TASK TO CARRY OUT
Using the data below, print exactly the line with "Школьница с коробкой для завтрака", the line with "Nach einem ersten", and every line between them, but none of the pictures.

GIVEN DATA
──────────
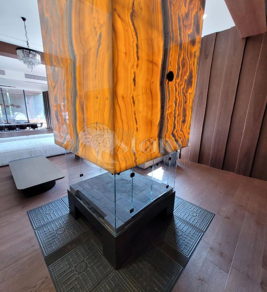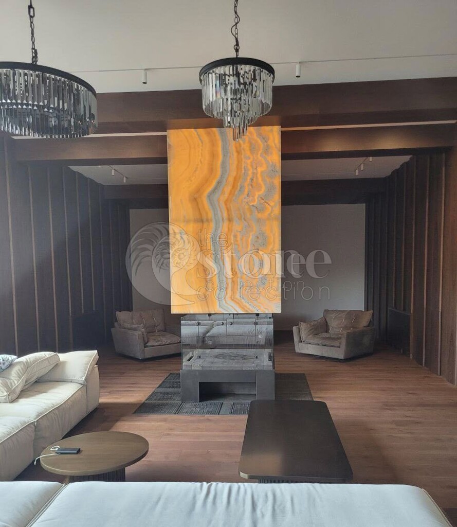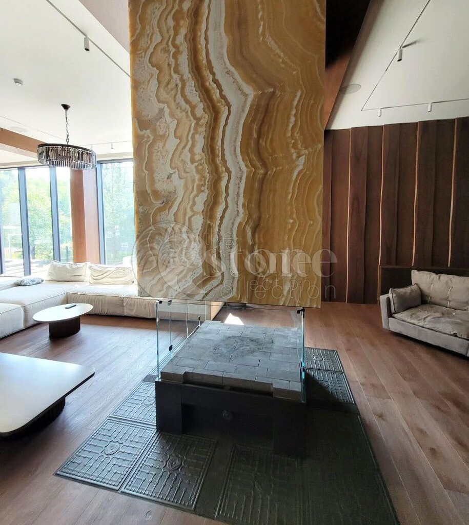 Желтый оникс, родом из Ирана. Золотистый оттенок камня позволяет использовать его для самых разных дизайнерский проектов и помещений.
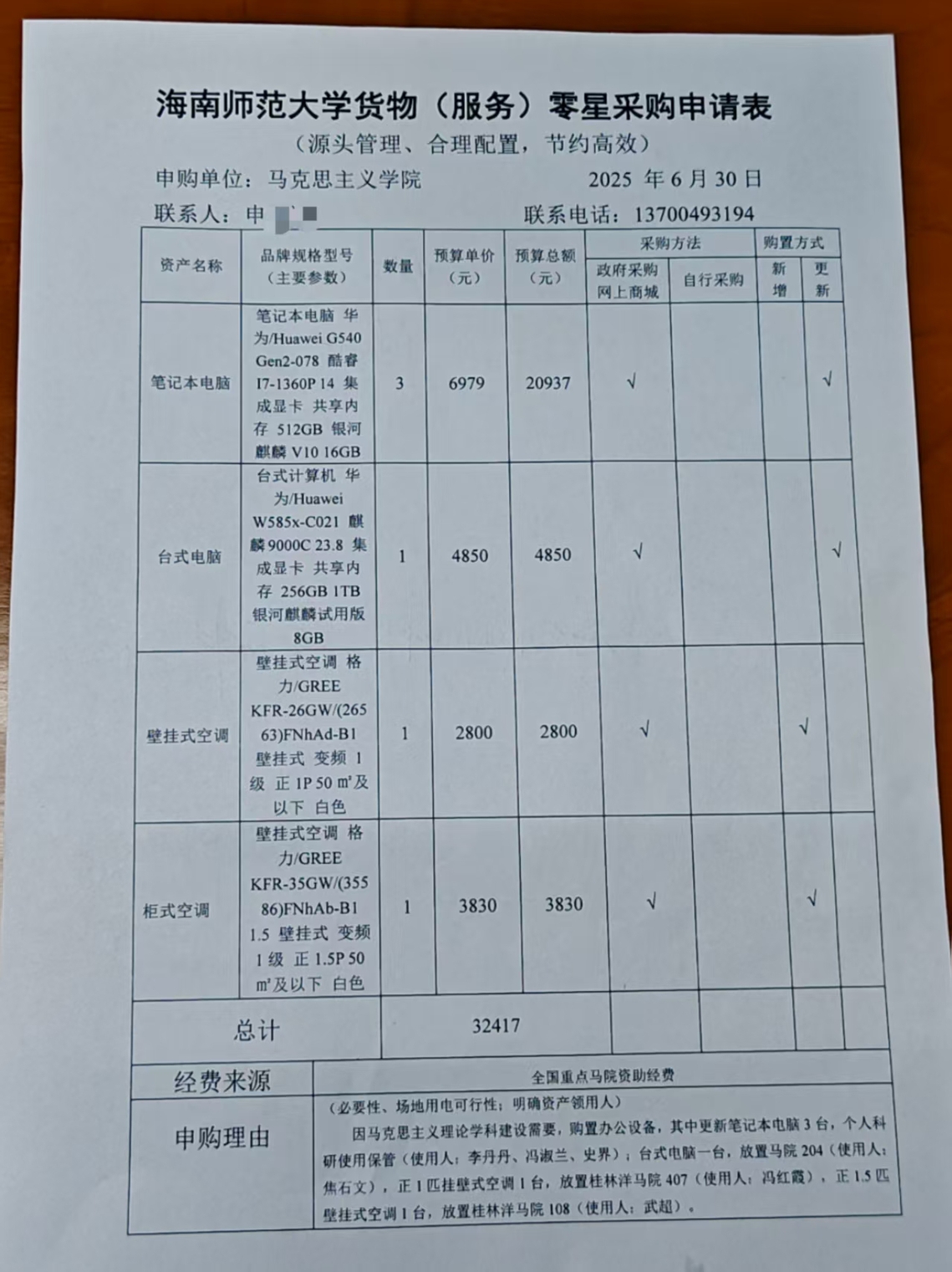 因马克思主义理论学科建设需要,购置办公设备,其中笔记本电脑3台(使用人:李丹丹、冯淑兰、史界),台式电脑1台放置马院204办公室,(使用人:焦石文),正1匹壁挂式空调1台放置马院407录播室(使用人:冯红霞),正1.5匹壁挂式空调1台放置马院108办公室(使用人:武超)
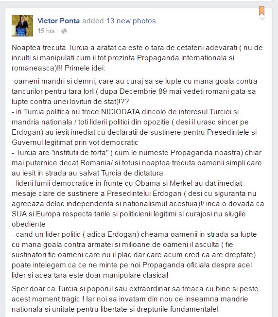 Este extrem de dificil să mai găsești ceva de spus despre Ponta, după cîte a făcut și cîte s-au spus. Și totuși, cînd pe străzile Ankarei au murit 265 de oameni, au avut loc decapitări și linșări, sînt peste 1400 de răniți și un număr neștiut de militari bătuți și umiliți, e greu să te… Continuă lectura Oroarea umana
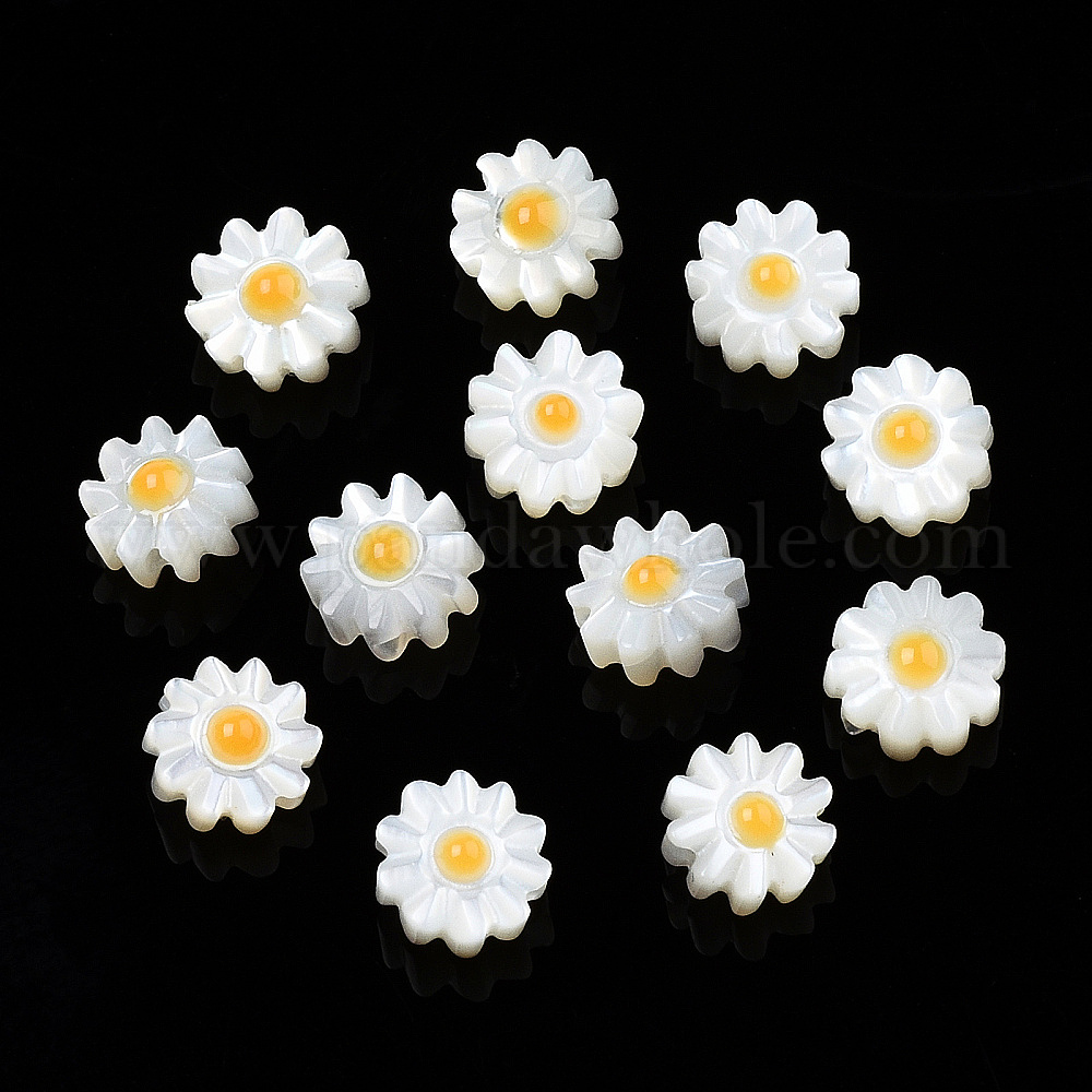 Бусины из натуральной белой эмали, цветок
──────────
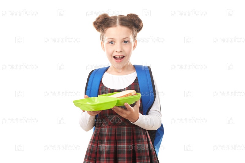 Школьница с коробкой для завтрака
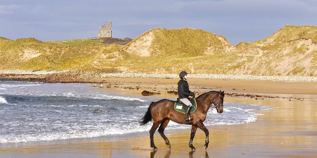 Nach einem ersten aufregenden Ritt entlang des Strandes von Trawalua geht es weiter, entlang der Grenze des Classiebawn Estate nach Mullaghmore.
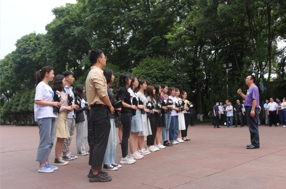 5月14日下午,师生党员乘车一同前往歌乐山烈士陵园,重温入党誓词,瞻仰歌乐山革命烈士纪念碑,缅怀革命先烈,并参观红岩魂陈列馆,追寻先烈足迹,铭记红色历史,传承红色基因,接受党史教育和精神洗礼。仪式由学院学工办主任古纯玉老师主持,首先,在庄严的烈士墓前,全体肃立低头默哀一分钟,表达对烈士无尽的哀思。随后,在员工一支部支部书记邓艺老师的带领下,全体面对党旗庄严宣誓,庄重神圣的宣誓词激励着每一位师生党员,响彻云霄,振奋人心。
──────────
OUTPUT OF THE EXERCISE
 Школьница с коробкой для завтрака
 Nach einem ersten aufregenden Ritt entlang des Strandes von Trawalua geht es weiter, entlang der Grenze des Classiebawn Estate nach Mullaghmore.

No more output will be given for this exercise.